Появление ее в маленьком уездном свете было не совсем удачно: ей минуло восьмнадцать лет, когда в город приехала на житье генеральша Шевалова, дама премодная и прегордая. Прежде она жила по летам в своей усадьбе, а по зимам в столицах и теперь переехала в уездный городок, чтоб иметь личное влияние на производящийся там значительный процесс по ее имению. У ней была всего одна дочь, мамзель Полина, девушка, говорят, очень умная и образованная, но, к несчастью, с каким-то болезненным цветом лица и, как ходили слухи, без двух ребер в одном боку - недостаток, который, впрочем, по наружности почти невозможно было заметить. Генеральша была очень богата и неимоверно скупа: выжимая из имения, насколько можно было из него выжать, она в домашнем хозяйстве заправляла всем сама и дрожала над каждой копейкой. Скупость ее, говорят, простиралась до того, что не только дворовой прислуге, но даже самой себе с дочерью она отказывала в пище, и к столу у них, когда никого не было, готовилось в такой пропорции, чтоб только заморить голод; но зато для внешнего блеска генеральша ничего не жалела. Переехав в город, она наняла лучшую квартиру, мебель была привезена обитая бархатом, трипом{19}; во всех комнатах развешены были картины в золотых рамах и расставлено пропасть бронзовых вещей. По городу она всегда ездила в карете с форейтором, хотя и на сильно сморенной четверне. У нее был метрдотель, и все лакеи были постоянно одеты в ливреи. В заключение всего, она объявила, что в продолжение всей зимы у ней будут по четвергам танцевальные вечера.
В маленьком городишке все пало ниц перед ее величием, тем более что генеральша оказалась в обращении очень горда, и хотя познакомилась со всеми городскими чиновниками, но ни с кем почти не сошлась и открыто говорила, что она только и отдыхает душой, когда видится с князем Иваном и его милым семейством (князь Иван был подгородный богатый помещик и дальний ее родственник).

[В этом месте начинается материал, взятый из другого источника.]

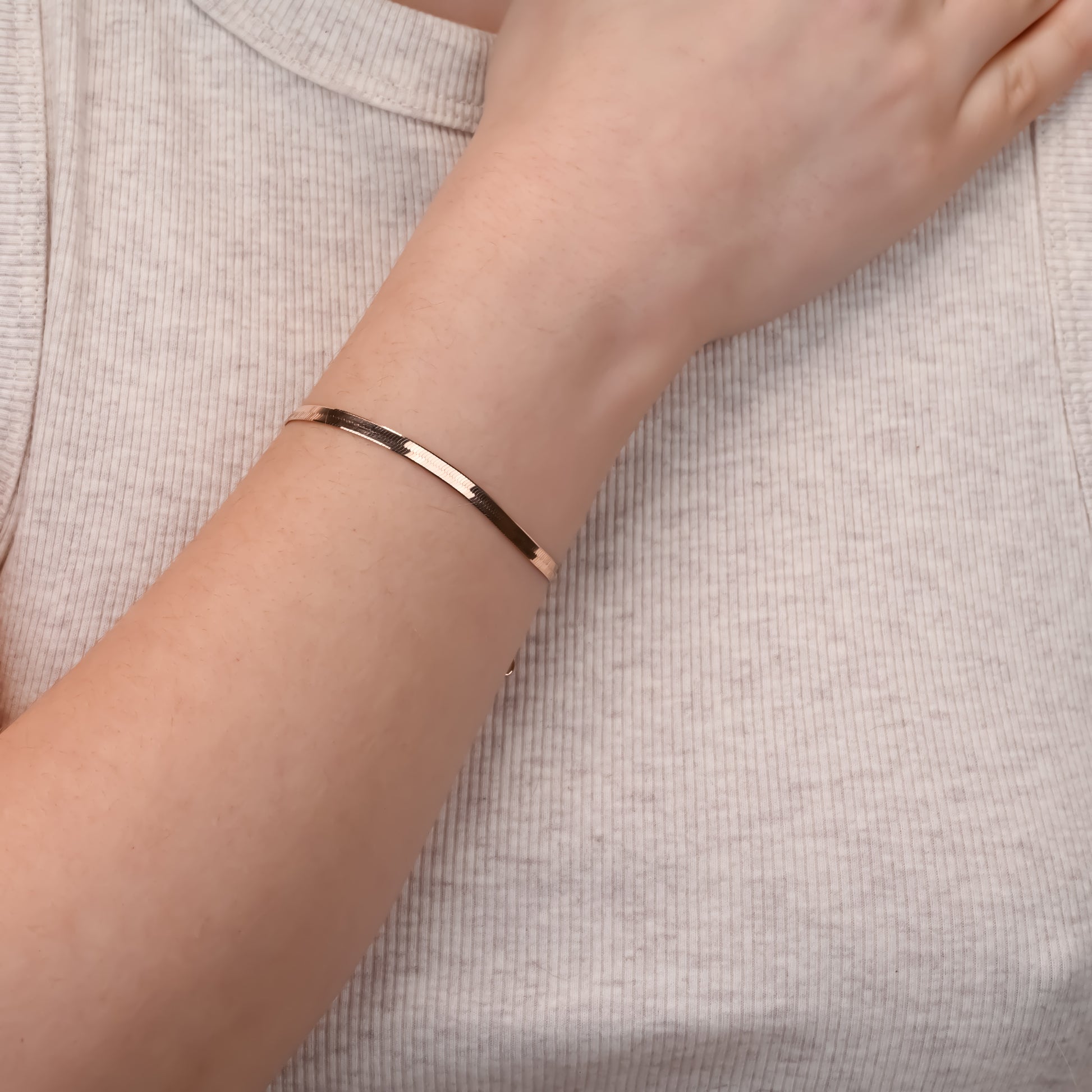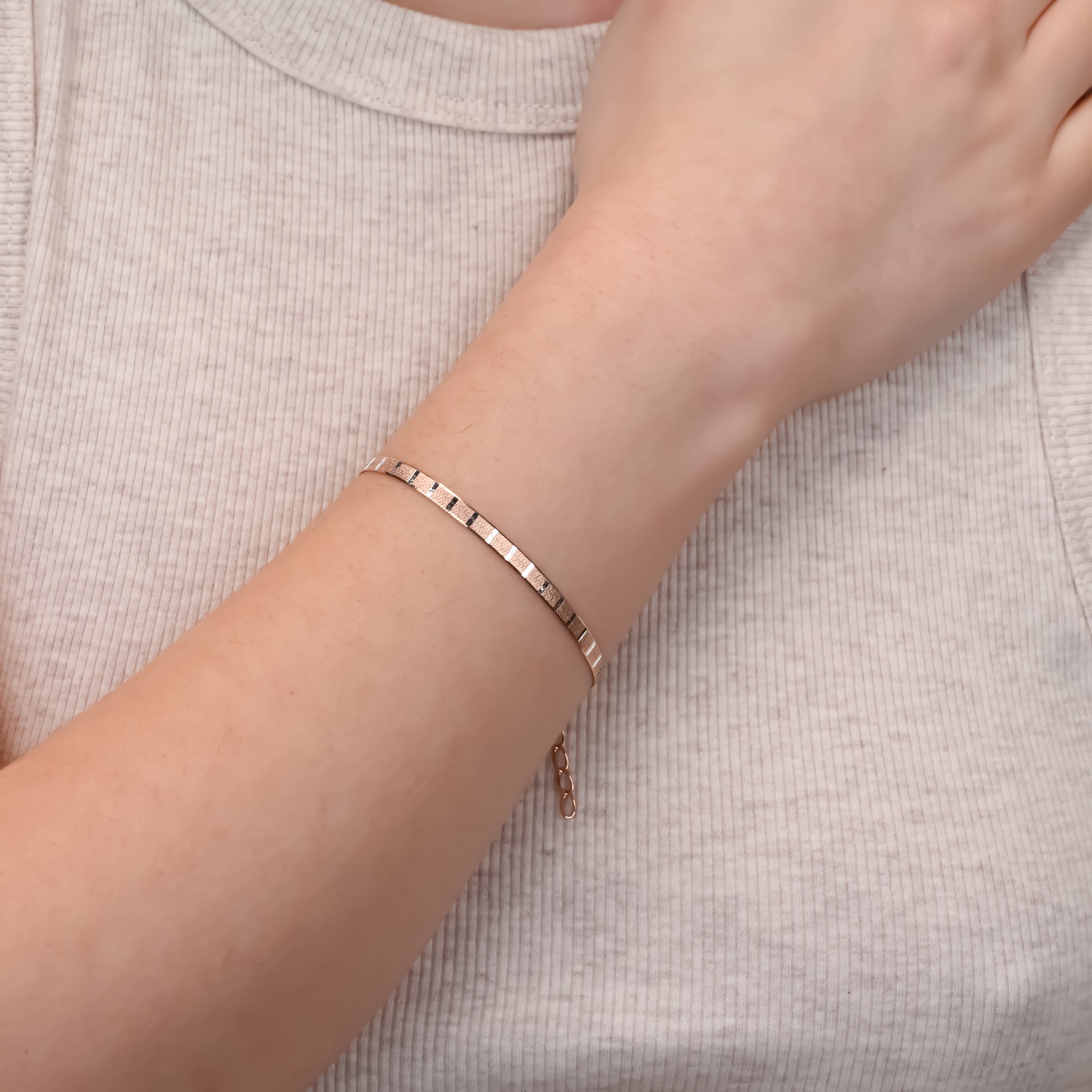 The Herringbone Rose Gold Plated Silver Bracelet is a stunning blend of modern design and timeless elegance. Crafted from sterling silver (925) and plated with 18ct rose gold, this bracelet exudes sophistication and style.

С Петром Михайлычем генеральша познакомилась более случайно. Она отнеслась к нему с просьбою снабжать ее книгами из библиотеки уездного училища, и когда он изъявил согласие, она, как бы в возмездие, пригласила его приехать в первый же четверг и непременно с дочерью. Настеньке сделалось немножко страшно, когда Петр Михайлыч объявил ей, что они поедут к генеральше на бал; впрочем, ей хотелось. Годнев, при всей своей неопытности к бальной жизни, понимал, что в первый раз в свете надобно показать дочь как можно наряднее одетою и советовался по этому случаю с Палагеей Евграфовной. На совещании их положено было купить Настеньке самого лучшего газу на платье и лучшего атласу на чехол. Экономка принялась хлопотать до невероятности и купленную материю меняла раз семь: то заметит на газе дырочку более обыкновенной, то маленькое пятнышко на атласе. Шить сама платье не взялась, а отыскала у казначейши крепостную портниху, уговорила ее работать у них на дому, посадила в свою комнату и следила за каждым ее стежком. На шею Настеньке она предназначила надеть покойной жены Петра Михайлыча жемчуг с брильянтовым фермуаром{20}, который перенизывала, чистила, мыла и вообще приводила в порядок целые полдня. Палагея Евграфовна, как истая немка, бывши мастерицей стряпать, не умела одевать. Выбранный ею газ хотя и отличался добротою, но был уж очень грубого розового цвета. Крепостная портниха тоже перемодничала в покрое платья и чрезвычайно низко пустила мыс у лифа. Приведенный в порядок жемчуг, конечно, был довольно ценный, но имел какой-то аляповатый купеческий характер. Всех этих недостатков не замечали ни Настенька, которая все еще была под влиянием неопределенного страха, ни сама Палагея Евграфовна, одевавшая свою воспитанницу, насколько доставало у нее пониманья и уменья, ни Петр Михайлыч, конечно, который в тонкостях женского туалета ровно ничего не смыслил. Сам он оделся в новый свой вицмундир, в белый с светлыми форменными пуговицами жилет и белый галстук - костюм, который он обыкновенно надевал, причащаясь и к обедне светлого христова воскресенья. Когда Настенька вышла совсем одетая, он воскликнул:
- Фу ты, какая королева! bene!.. optime!..* Ну-ка, поверни головку... хорошо... право, хорошо... Мать-командирша, ведь Настенька у нас прехорошенькая!
______________
* хорошо!.. прекрасно!.. (лат.).
- Э, перестаньте, не мешайте, посторонитесь; только застите; ничего не видно, - отвечала отрывисто экономка, заботливо поправляя и отряхивая платье Настеньки.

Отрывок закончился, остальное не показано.